David A. Grogan | CNBC

Scott Gottlieb, Commissioner of the Food and Drug Administration, speaking at the CNBC Healthy Returns Conference in New York on March 28th, 2018.

Marijuana legalization is making pot look safe to use and easier for teens to get, and that worries Food and Drug Administration Commissioner Scott Gottlieb.

“I’m worried about the inhalation of a product and the risks associated with that. I’m worried about the perception that somehow there’s no risks associated with youth use of the product,” Gottlieb said in an interview with CNBC on Thursday.

Previous studies have looked at the risks of occasional marijuana use, but regular use is increasingly common as it’s legalized, he said. “I think that’s going to create a different set of risks,” he said.

The rising popularity of weed among adults appears to be filtering down to younger generations.

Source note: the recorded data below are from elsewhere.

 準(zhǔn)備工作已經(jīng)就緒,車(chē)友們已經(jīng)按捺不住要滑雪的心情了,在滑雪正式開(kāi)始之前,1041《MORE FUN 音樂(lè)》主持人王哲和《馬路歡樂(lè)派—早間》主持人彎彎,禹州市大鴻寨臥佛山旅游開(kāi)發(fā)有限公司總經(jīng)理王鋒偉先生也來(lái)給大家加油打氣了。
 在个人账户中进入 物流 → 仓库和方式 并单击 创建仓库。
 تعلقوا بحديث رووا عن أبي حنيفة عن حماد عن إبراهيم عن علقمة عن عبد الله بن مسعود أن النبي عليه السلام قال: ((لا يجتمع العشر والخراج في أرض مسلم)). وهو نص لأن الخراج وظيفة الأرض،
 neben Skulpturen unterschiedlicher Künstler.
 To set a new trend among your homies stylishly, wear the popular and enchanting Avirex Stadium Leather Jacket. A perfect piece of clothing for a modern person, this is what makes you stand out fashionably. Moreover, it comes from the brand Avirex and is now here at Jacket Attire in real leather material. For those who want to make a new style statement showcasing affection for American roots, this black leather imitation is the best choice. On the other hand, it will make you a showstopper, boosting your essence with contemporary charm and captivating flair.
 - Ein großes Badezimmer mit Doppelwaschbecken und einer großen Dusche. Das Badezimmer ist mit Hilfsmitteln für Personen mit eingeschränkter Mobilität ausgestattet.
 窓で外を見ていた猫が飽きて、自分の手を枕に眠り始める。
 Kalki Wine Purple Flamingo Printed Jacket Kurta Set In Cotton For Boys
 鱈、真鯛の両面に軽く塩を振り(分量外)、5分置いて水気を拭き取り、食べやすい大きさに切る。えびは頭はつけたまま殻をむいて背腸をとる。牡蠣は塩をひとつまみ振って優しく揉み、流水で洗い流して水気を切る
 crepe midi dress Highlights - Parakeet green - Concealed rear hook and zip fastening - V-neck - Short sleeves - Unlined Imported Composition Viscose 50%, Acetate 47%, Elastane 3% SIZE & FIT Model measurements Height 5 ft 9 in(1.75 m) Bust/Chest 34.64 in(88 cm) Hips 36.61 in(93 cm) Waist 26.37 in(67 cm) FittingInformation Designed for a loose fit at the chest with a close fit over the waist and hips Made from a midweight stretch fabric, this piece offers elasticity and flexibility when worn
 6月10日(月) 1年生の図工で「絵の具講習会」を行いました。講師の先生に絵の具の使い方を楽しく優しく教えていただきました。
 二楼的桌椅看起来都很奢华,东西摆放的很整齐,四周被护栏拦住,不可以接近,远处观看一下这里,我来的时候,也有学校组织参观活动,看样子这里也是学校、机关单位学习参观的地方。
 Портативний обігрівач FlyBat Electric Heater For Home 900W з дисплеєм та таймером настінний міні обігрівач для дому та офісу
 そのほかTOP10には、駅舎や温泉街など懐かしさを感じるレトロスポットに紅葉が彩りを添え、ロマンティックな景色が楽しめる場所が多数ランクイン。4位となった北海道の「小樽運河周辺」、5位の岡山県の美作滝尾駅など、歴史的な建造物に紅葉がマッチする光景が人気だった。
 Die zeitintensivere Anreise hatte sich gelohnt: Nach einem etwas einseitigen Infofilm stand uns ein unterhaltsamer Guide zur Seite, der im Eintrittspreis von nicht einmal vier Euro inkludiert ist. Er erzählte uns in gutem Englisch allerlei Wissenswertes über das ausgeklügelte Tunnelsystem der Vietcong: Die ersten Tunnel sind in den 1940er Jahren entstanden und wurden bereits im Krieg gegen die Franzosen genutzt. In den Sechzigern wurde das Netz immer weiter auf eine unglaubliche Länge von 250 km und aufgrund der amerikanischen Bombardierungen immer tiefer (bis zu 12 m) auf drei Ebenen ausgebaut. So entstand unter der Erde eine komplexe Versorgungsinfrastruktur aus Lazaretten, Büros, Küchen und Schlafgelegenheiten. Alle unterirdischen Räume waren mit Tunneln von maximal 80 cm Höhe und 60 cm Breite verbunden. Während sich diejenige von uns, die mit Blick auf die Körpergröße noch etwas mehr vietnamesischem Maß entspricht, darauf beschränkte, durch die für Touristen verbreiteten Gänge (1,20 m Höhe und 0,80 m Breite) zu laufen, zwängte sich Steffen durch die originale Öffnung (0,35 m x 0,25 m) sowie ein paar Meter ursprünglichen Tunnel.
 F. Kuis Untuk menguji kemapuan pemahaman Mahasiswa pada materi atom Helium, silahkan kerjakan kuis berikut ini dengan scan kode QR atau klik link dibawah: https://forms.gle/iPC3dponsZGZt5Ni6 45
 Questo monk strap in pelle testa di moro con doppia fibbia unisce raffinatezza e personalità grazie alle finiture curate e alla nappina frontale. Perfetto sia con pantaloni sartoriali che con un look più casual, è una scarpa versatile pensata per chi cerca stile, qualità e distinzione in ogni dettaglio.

Nearly one-quarter of teens are now using pot and fewer students disapprove of the drug, according to the annual “Monitoring the Future” survey conducted by the University of Michigan. The number of high school students to see “great risk” in marijuana used dropped to 14.1 percent last year from 17.1 percent in 2016, according to the report.

“I think we all need to be deeply concerned about that in the same way we’re deeply concerned about youth access to e-cigarettes and nicotine,” Gottlieb said. “We should be even more concerned about youth access to marijuana and cannabis.”

His comments come just over a week after he called teen e-cigarette use an “epidemic” and threatened to pull e-cigarettes from shelves if manufacturers do not control teen use. The agency is specifically ordering five brands — Juul, British American Tobacco‘s Vuse, Altria‘s MarkTen, Imperial Brands‘ Blu E-cigs and Japan Tobacco‘s Logic — to submit plans within 60 days detailing how they will prevent teens from using their products.

Additionally, the agency is investigating whether manufacturers’ online shops are being used for “straw” purchases, where buyers resell products to minors. If the FDA identifies problems, it can take both civil and criminal actions. It also warned more than 1,300 retailers for illegally selling e-cigarettes to minors.

The 2017 Michigan report indicates that teen marijuana use could continue to grow as more states legalize the drug, according to the study’s authors.

Funded by the National Institute on Drug Abuse and National Institutes of Health, the study provides the most comprehensive look at drug use among young adults in the U.S.